PROBLEM TO WORK ON – Your output should be the lines below from the one with "天地壹号苹果醋饮料解腻解辣喜" through the one with "Pearl Pointed Stone Paved Crown Pin Brooch", copied exactly, pictures excluded.

• • • •

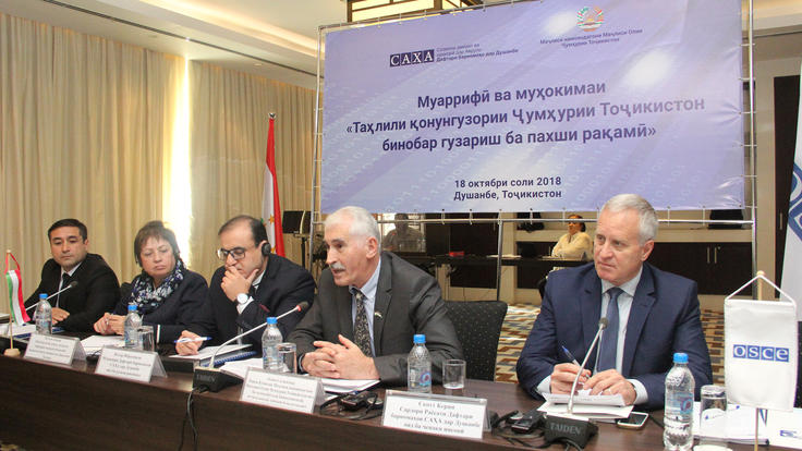 Справа налево: Скотт Кеарин, глава Департамента по вопросам человеческого измерения Офиса программ ОБСЕ в Душанбе, Олим Салимзода, глава комитета по международным делам, общественным связям и информации нижней палаты парламента Таджикистана, Ильгар Ибрагимли, сотрудник по вопросам работы со СМИ Офиса программ ОБСЕ в Душанбе, Наталя Довнар, медиа-эксперт из Беларусии и Ранжет Ятимов, медиа-эксперт из Таджикистана, Душанбе, 18 октября 2018 г.
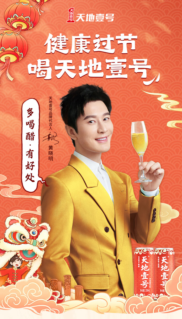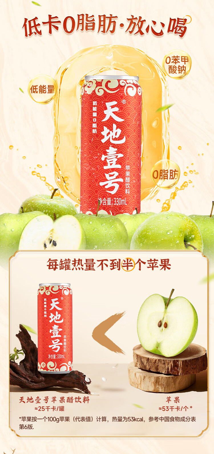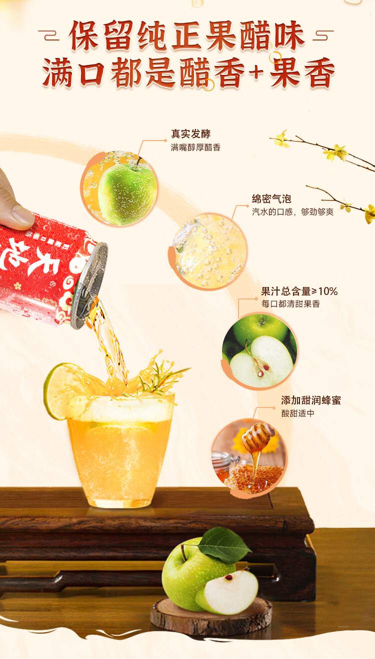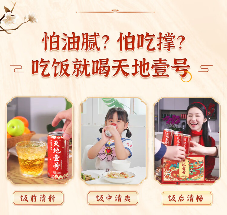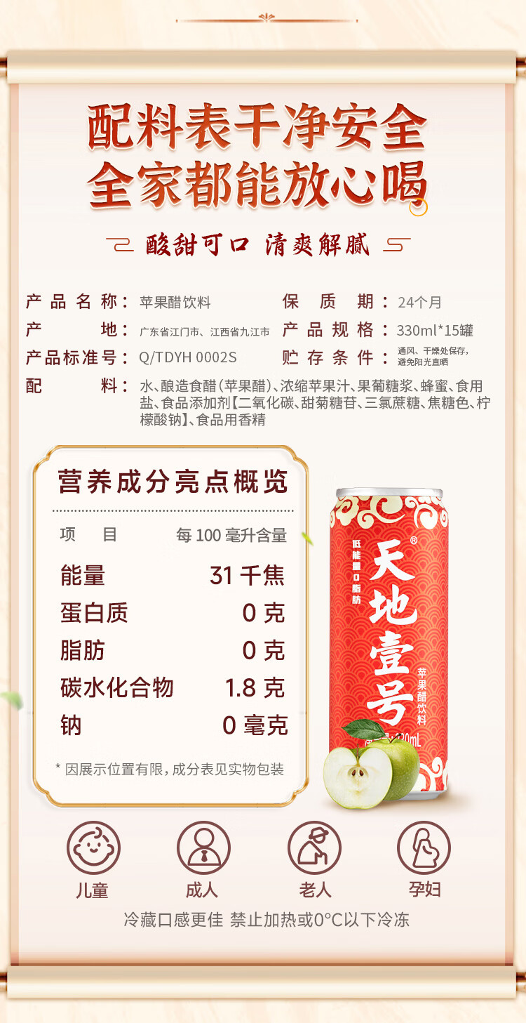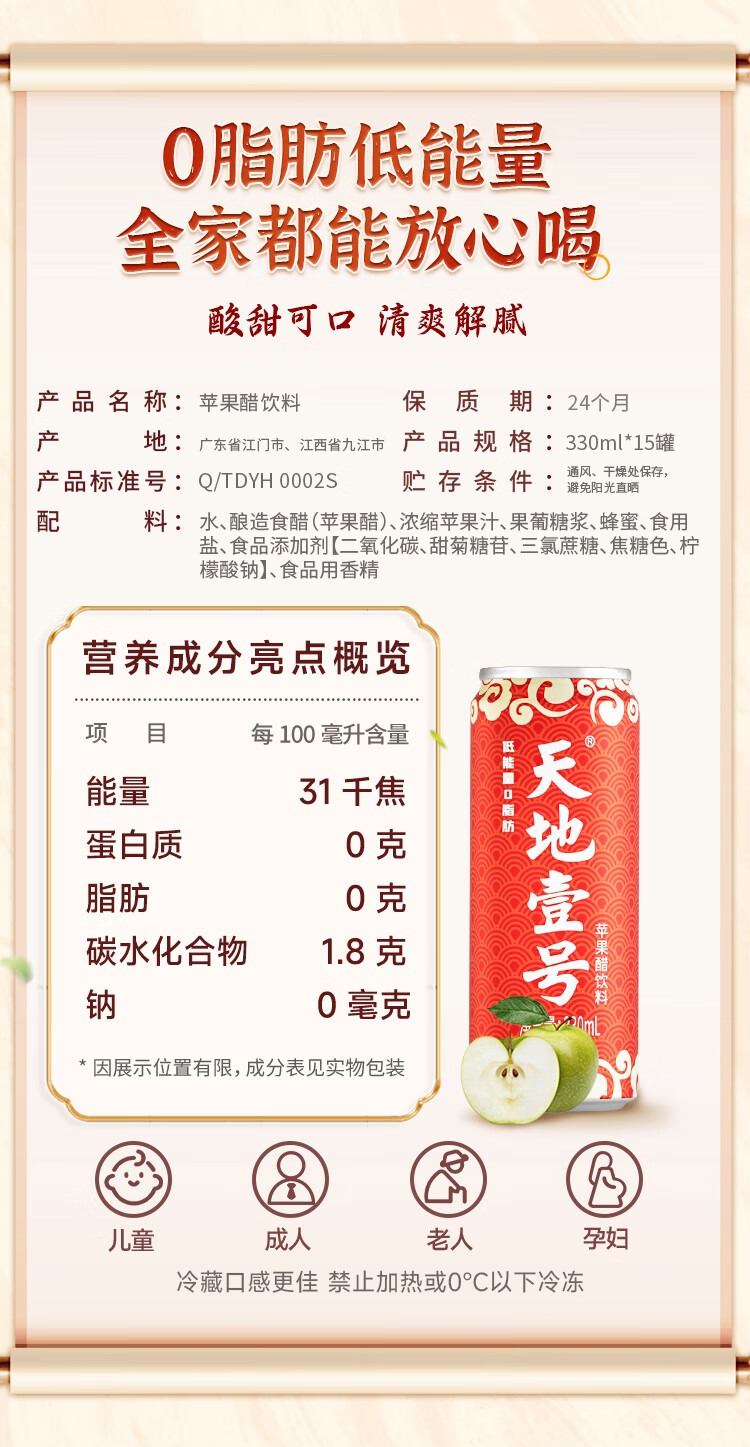 天地壹号苹果醋饮料解腻解辣喜庆礼盒过节送礼新年礼盒15罐整箱B 插画版330ml*15罐*1箱
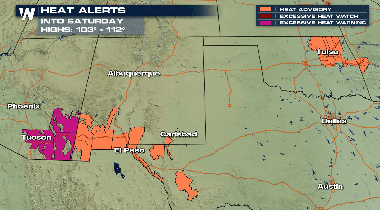 Excessive heat continues in the Southwest and is expanding into the Southern Plains. The mercury will once again soar well above 100 in interior areas of California, Nevada, Arizona, New Mexico, Texas and Oklahoma. A strong ridge of high pressure is located across the region, pushing temperatures well above average. Heat Alerts have already been issued into Saturday. Several record highs have been set this week.
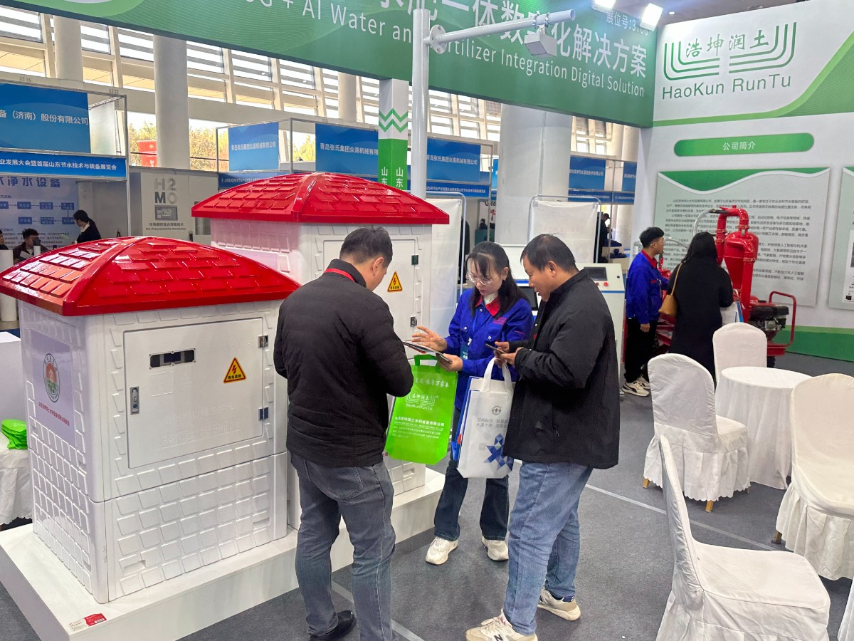 山東省2025年節(jié)水產(chǎn)業(yè)發(fā)展大會(huì)暨首屆山東節(jié)水技術(shù)與裝備展覽會(huì)圓滿成功,浩坤潤(rùn)土公司展會(huì)推出的新款機(jī)井灌溉射頻控制系統(tǒng),水肥一體化系統(tǒng),智能卷盤(pán)式噴灌機(jī)等灌溉設(shè)備深受客戶歡迎,前來(lái)參觀咨詢的客戶絡(luò)繹不絕。很多客戶都與公司達(dá)成合作意向,建立合作關(guān)系。
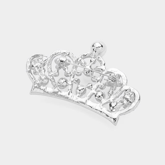 Pearl Pointed Stone Paved Crown Pin Brooch
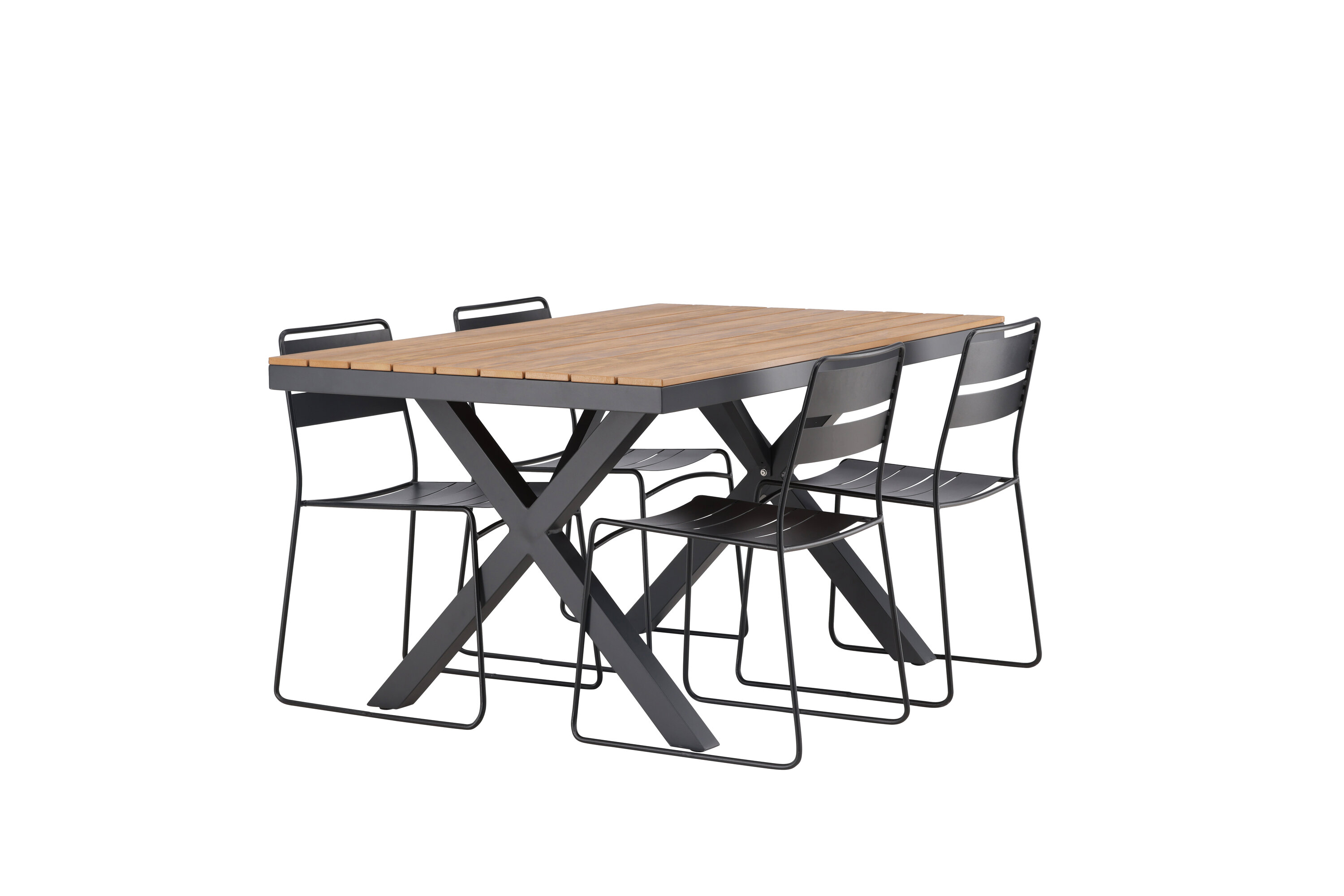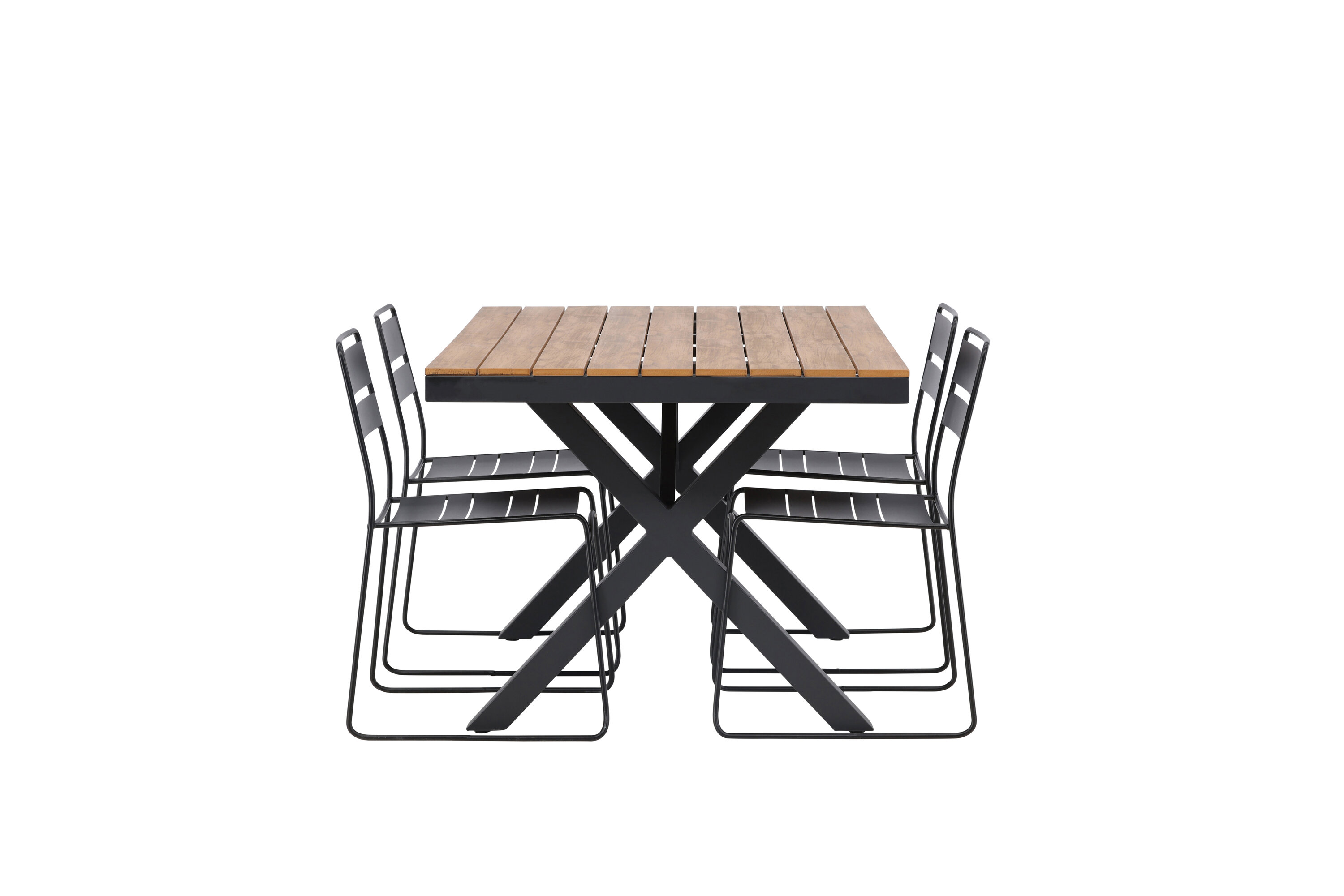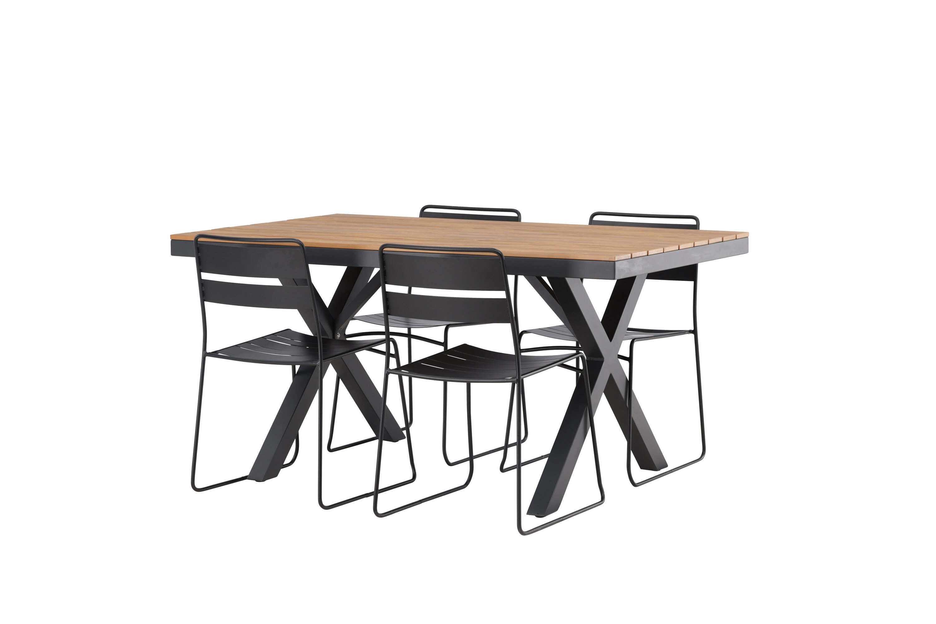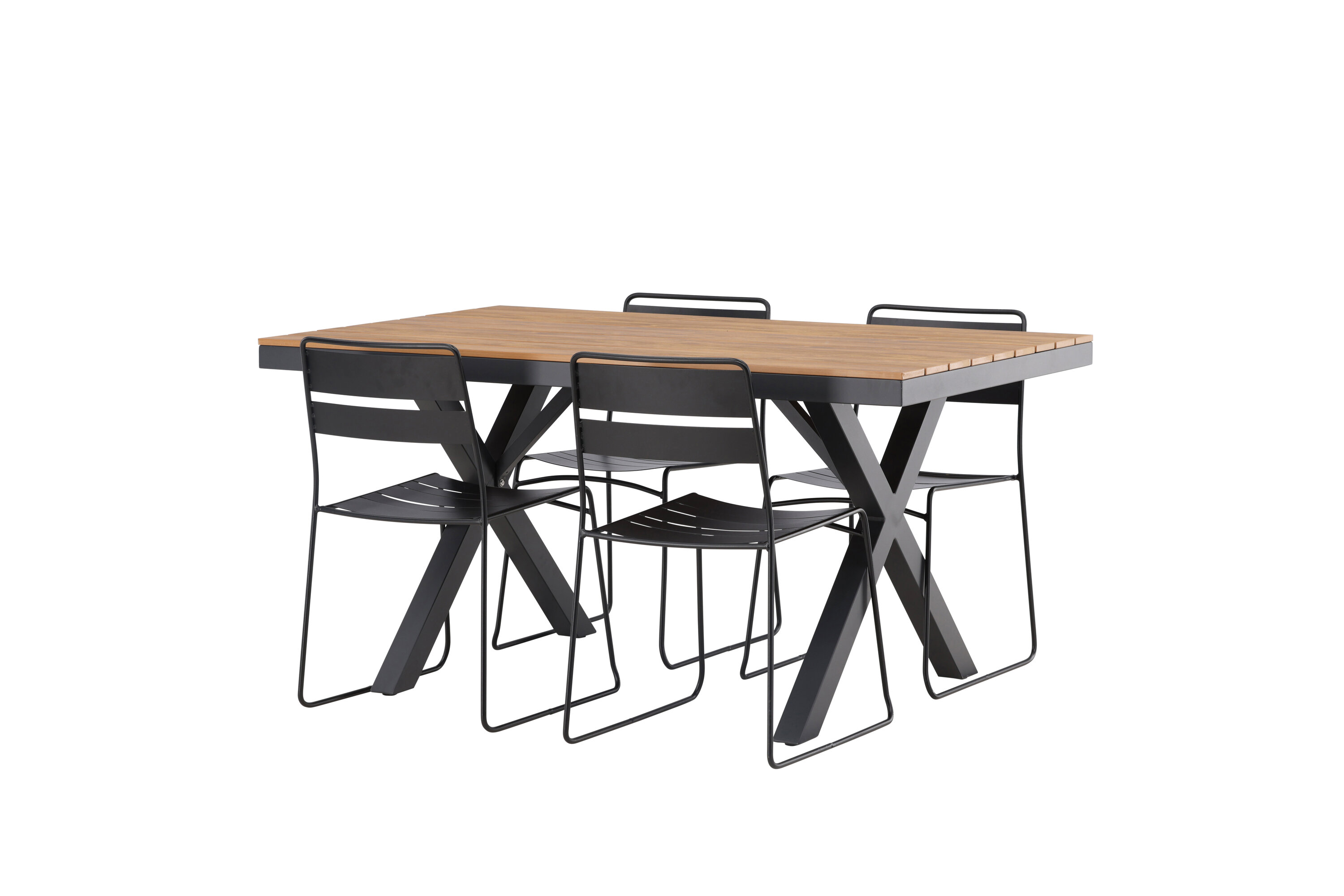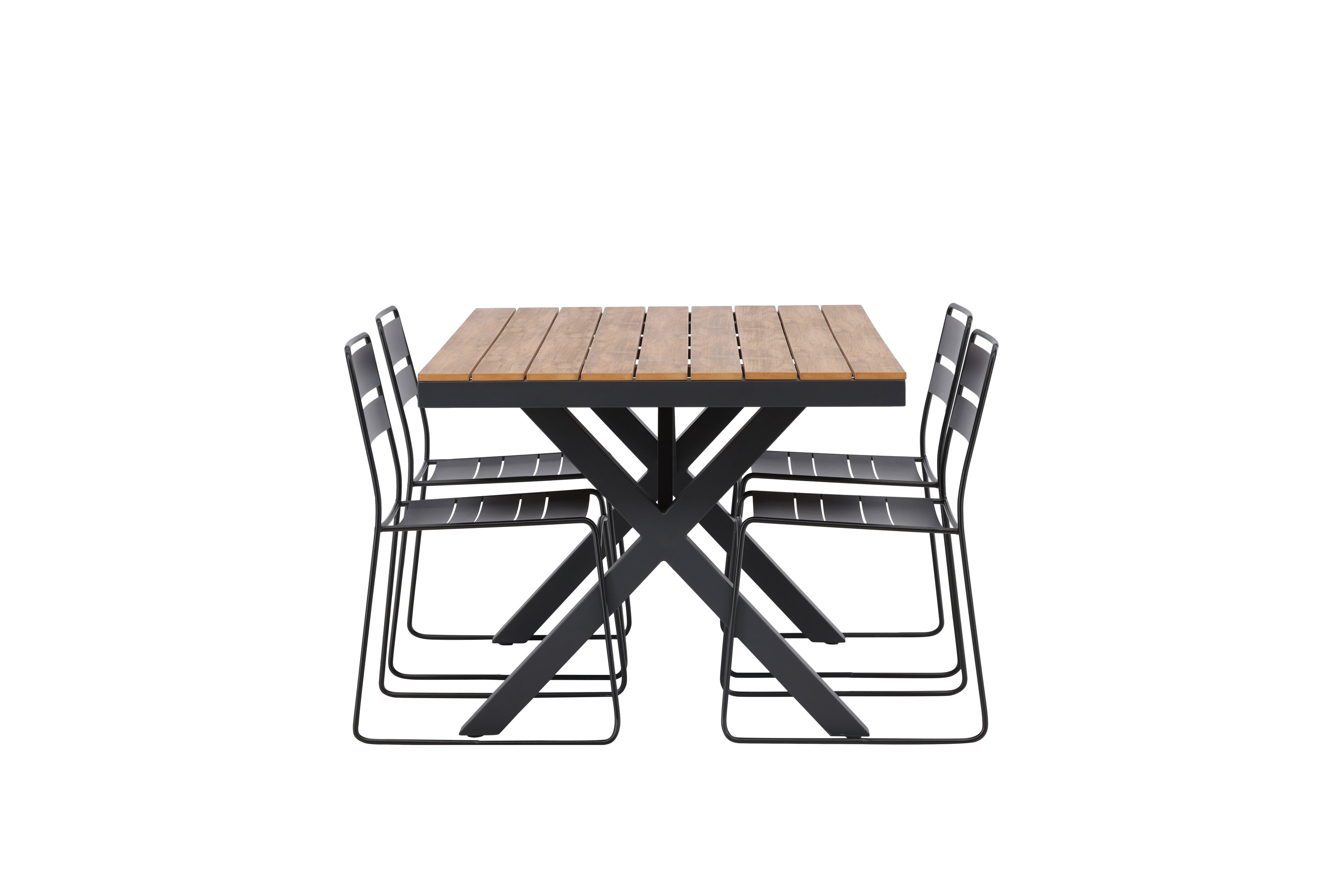 Eine stilvolle Kombination aus minimalistischem und robustem Design! Unser rechteckiger Garcia Esstisch hat ein klassisches Design mit einer Tischplatte aus schönem Holz und gekreuzten Tischbeinen aus schwarzem Aluminium. Hier in charmanter Kombination mit 4 schwarzen Esszimmerstühlen aus der Serie Lina. Die rußige, schwarze Farbe und das schmale Stahldesign des Stuhls vermitteln einen zeitlosen und luftigen Eindruck. Möblieren Sie auf der Terrasse oder im Wintergarten und laden Sie Ihre Freunde in Zukunft zu wunderbaren Mahlzeiten ein! Tischmaße: 150x90cm.

• • • •

ANSWER BOX –
 天地壹号苹果醋饮料解腻解辣喜庆礼盒过节送礼新年礼盒15罐整箱B 插画版330ml*15罐*1箱
 Excessive heat continues in the Southwest and is expanding into the Southern Plains. The mercury will once again soar well above 100 in interior areas of California, Nevada, Arizona, New Mexico, Texas and Oklahoma. A strong ridge of high pressure is located across the region, pushing temperatures well above average. Heat Alerts have already been issued into Saturday. Several record highs have been set this week.
 山東省2025年節(jié)水產(chǎn)業(yè)發(fā)展大會(huì)暨首屆山東節(jié)水技術(shù)與裝備展覽會(huì)圓滿成功,浩坤潤(rùn)土公司展會(huì)推出的新款機(jī)井灌溉射頻控制系統(tǒng),水肥一體化系統(tǒng),智能卷盤(pán)式噴灌機(jī)等灌溉設(shè)備深受客戶歡迎,前來(lái)參觀咨詢的客戶絡(luò)繹不絕。很多客戶都與公司達(dá)成合作意向,建立合作關(guān)系。
 Pearl Pointed Stone Paved Crown Pin Brooch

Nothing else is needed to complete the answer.